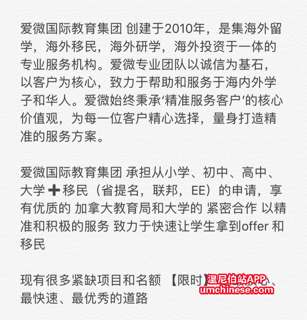 爱微国际教育集团 创建于2010年,是集海外留学,海外移民,海外研学,海外投资于一体的专业服务机构。爱微专业团队以诚信为基石,以客户为核心,致力于帮助和服务于海内外学子和华人。爱微始终秉承‘精准服务客户’ ...
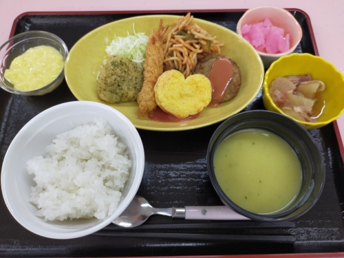 (エビフライ、ハートオムレツ、ミニハンバーグ、三角チーズポテトフライ、ナポリタン)
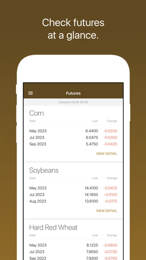 Futures: See Grains, Feed, Livestock, and Ethanol futures listed in order of your preference
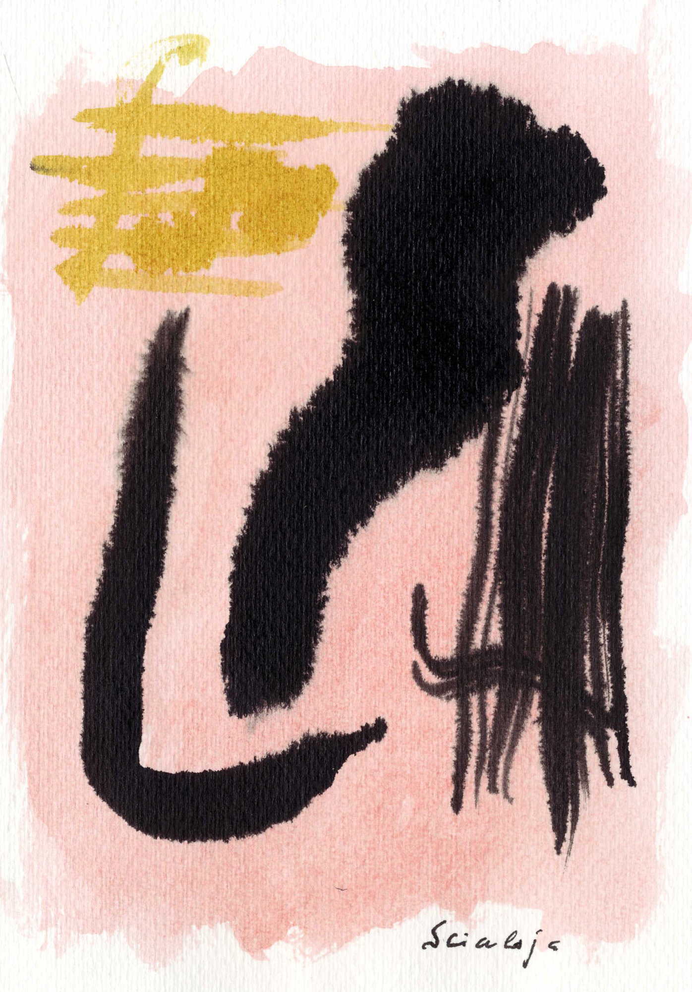 Toti Scialoja, Seria è la musica. 1990. Acquerello e olio su cartoncino. mm...

☆ ☆ ☆ ☆ ☆ ☆ ☆

_TASK OBJECTIVE_
Find the line with "(エビフライ、ハートオムレツ" in the listing and extract it and all lines after it through the end, exactly, without the pictures.

_TASK ANSWER_
 (エビフライ、ハートオムレツ、ミニハンバーグ、三角チーズポテトフライ、ナポリタン)
 Futures: See Grains, Feed, Livestock, and Ethanol futures listed in order of your preference
 Toti Scialoja, Seria è la musica. 1990. Acquerello e olio su cartoncino. mm...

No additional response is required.